:: The data ::

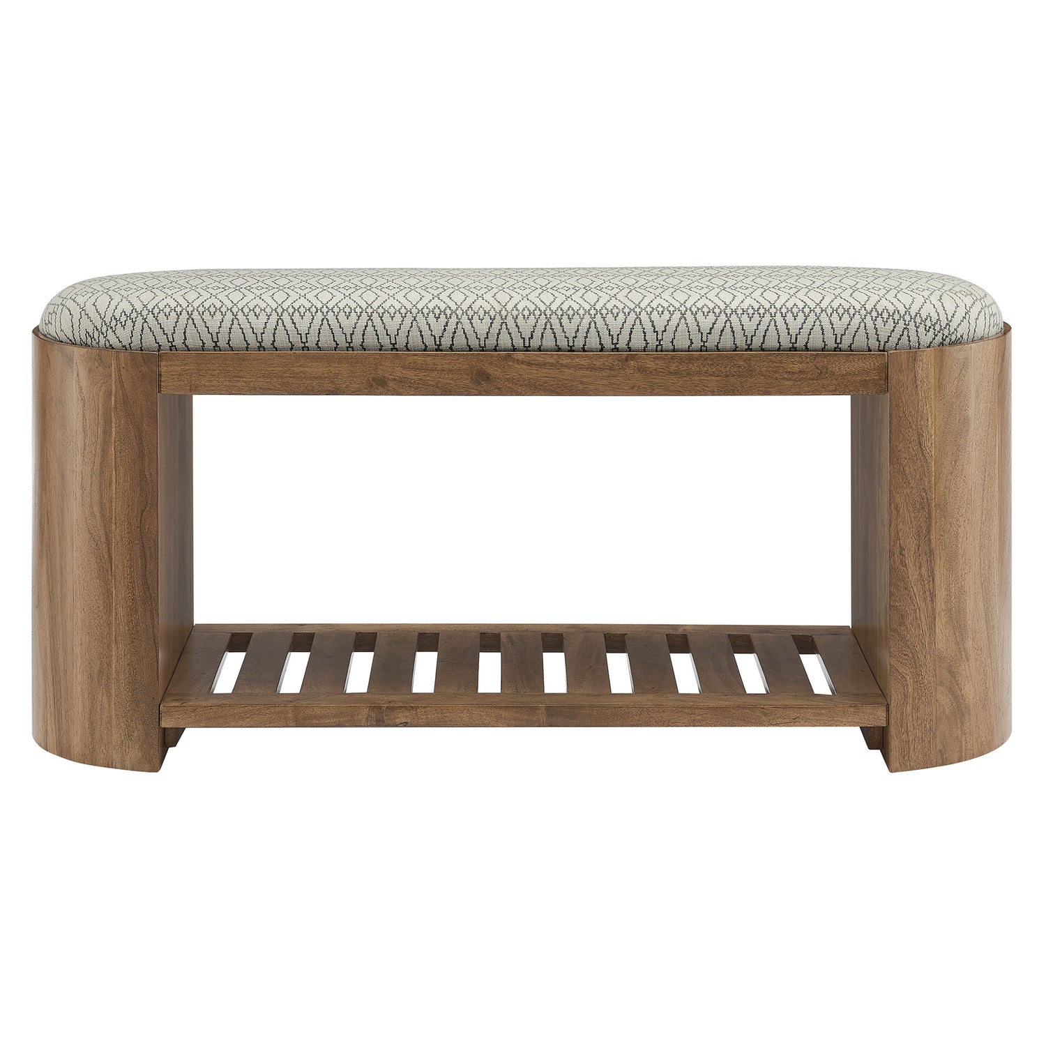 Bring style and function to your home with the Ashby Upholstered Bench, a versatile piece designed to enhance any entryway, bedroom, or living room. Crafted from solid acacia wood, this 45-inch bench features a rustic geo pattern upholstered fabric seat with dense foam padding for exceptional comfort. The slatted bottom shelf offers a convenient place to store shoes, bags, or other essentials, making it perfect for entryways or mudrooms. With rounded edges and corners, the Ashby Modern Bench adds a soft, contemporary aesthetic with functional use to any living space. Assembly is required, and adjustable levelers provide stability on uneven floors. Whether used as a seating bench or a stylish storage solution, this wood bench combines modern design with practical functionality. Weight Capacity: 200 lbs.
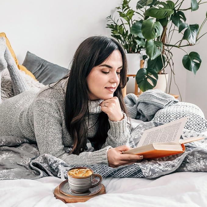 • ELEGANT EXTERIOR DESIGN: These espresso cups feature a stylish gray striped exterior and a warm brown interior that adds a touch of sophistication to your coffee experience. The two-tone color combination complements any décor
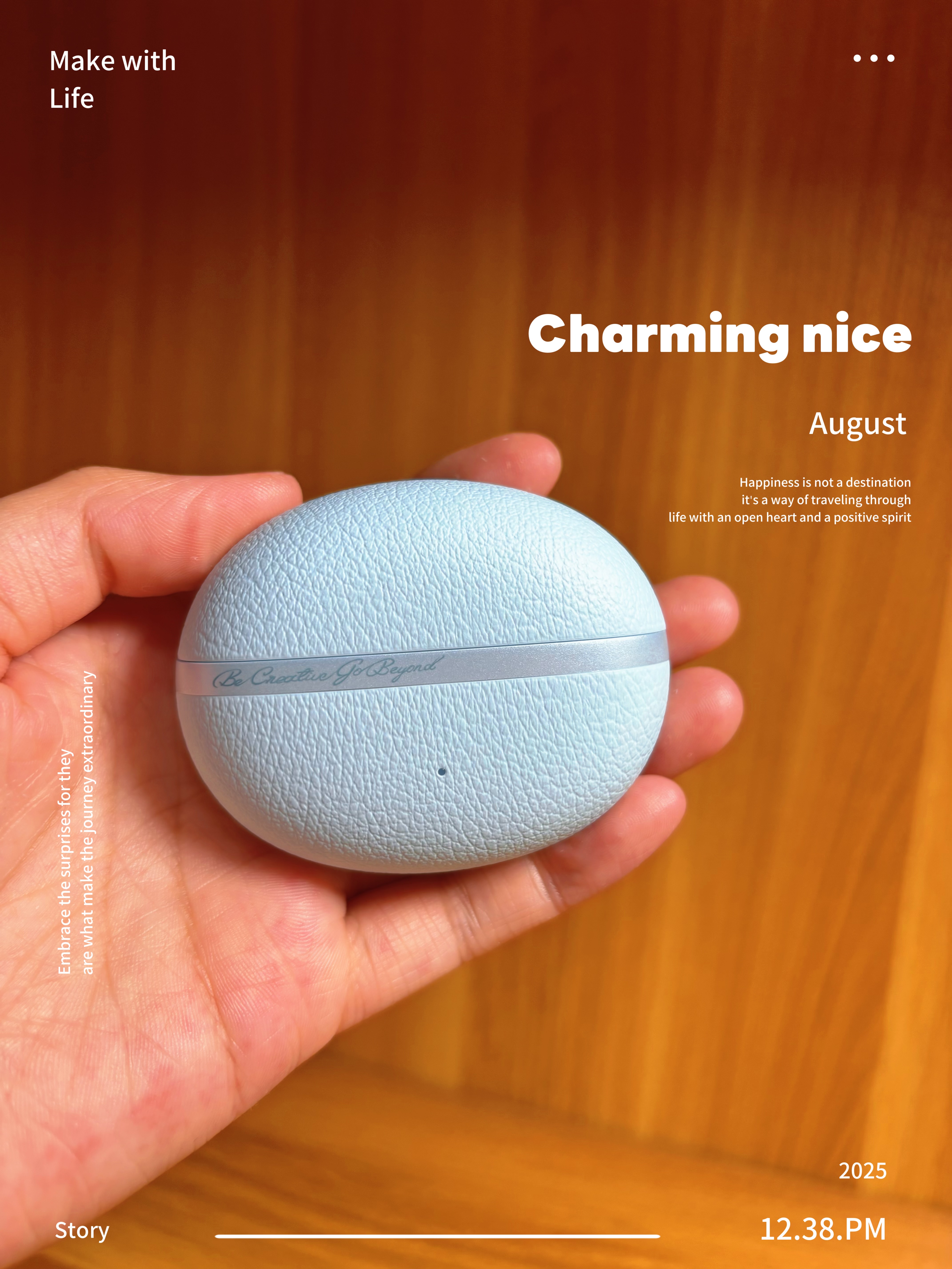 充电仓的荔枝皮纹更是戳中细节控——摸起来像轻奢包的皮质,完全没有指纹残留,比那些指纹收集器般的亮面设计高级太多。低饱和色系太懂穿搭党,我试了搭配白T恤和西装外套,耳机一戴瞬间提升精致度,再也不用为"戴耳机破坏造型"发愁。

:::
:: The data ::

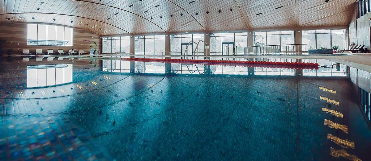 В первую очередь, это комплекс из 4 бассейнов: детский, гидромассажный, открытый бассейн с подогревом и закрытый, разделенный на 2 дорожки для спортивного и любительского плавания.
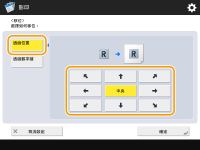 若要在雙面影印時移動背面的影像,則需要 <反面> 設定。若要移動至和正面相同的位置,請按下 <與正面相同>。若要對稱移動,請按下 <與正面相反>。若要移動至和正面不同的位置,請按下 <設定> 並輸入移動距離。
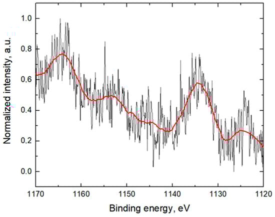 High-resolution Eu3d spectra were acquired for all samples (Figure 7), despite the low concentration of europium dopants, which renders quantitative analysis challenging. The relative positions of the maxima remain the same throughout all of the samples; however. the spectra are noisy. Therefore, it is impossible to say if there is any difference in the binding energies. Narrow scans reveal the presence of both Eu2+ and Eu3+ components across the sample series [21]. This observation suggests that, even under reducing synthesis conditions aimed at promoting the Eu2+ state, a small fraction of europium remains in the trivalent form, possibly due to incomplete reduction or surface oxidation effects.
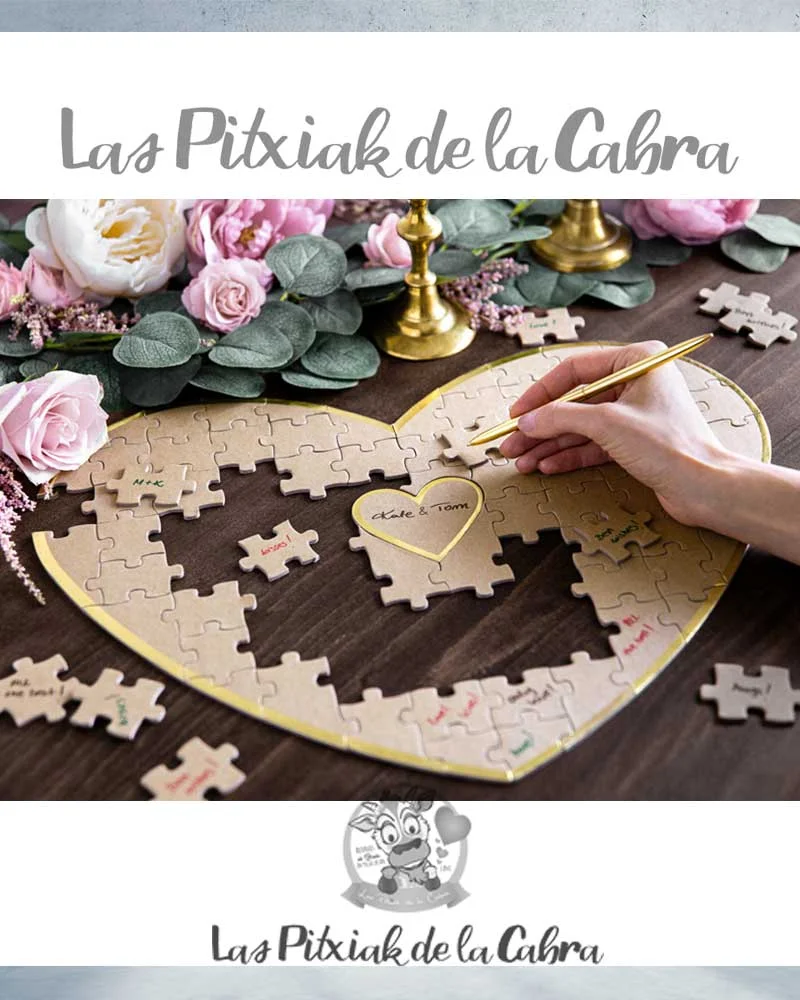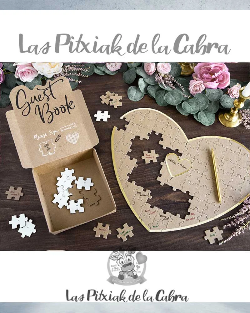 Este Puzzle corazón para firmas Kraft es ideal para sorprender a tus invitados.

:::
:: The data ::

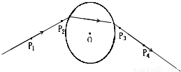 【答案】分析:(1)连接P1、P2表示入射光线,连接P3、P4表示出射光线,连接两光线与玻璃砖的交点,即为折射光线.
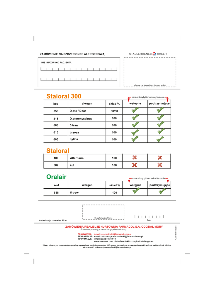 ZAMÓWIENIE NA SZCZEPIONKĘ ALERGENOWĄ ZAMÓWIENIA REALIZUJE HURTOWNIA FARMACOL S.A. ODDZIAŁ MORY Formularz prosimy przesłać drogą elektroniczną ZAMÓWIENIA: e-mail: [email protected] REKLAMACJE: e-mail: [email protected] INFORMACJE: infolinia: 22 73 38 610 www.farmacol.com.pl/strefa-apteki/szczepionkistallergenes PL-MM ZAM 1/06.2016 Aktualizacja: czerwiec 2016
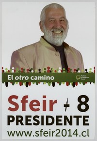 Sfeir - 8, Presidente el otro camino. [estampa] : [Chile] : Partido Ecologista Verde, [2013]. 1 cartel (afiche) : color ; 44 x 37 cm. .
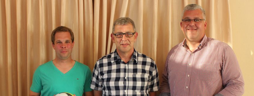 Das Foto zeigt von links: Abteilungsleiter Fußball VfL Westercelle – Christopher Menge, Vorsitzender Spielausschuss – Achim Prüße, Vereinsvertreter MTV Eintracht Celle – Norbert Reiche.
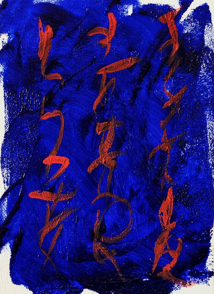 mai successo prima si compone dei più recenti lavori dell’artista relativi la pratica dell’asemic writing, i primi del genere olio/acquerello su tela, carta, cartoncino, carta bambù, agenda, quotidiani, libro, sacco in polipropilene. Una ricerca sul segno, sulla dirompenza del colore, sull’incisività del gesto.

:::

What you should do: Find the line with "Sfeir - 8, Presidente" in the entries above. Set down exactly every line from it up to and including the line with "mai successo prima", images excluded.

Completed task:
 Sfeir - 8, Presidente el otro camino. [estampa] : [Chile] : Partido Ecologista Verde, [2013]. 1 cartel (afiche) : color ; 44 x 37 cm. .
 Das Foto zeigt von links: Abteilungsleiter Fußball VfL Westercelle – Christopher Menge, Vorsitzender Spielausschuss – Achim Prüße, Vereinsvertreter MTV Eintracht Celle – Norbert Reiche.
 mai successo prima si compone dei più recenti lavori dell’artista relativi la pratica dell’asemic writing, i primi del genere olio/acquerello su tela, carta, cartoncino, carta bambù, agenda, quotidiani, libro, sacco in polipropilene. Una ricerca sul segno, sulla dirompenza del colore, sull’incisività del gesto.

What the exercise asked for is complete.